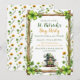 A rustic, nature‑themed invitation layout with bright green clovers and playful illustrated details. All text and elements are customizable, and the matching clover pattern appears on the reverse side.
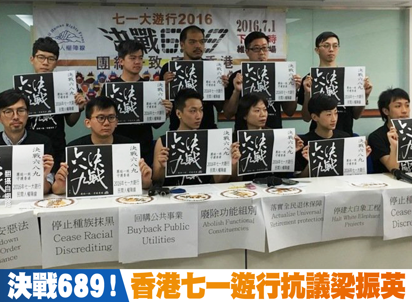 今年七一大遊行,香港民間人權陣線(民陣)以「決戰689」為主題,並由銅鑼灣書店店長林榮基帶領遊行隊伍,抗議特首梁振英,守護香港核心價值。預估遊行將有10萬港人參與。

────────────────

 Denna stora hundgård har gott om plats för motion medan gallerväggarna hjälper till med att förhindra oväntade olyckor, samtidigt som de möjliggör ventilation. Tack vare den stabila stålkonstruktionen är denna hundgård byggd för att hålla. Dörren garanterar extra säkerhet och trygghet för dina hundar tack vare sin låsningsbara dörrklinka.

────────────────

• **EXERCISE DESCRIPTION**
Starting with the line above that holds "A rustic, nature‑themed", restate each line word for word up to and including the line that holds "今年七一大遊行,香港民間人權". Drop the pictures.

• **OUTPUT BELOW**
 A rustic, nature‑themed invitation layout with bright green clovers and playful illustrated details. All text and elements are customizable, and the matching clover pattern appears on the reverse side.
 今年七一大遊行,香港民間人權陣線(民陣)以「決戰689」為主題,並由銅鑼灣書店店長林榮基帶領遊行隊伍,抗議特首梁振英,守護香港核心價值。預估遊行將有10萬港人參與。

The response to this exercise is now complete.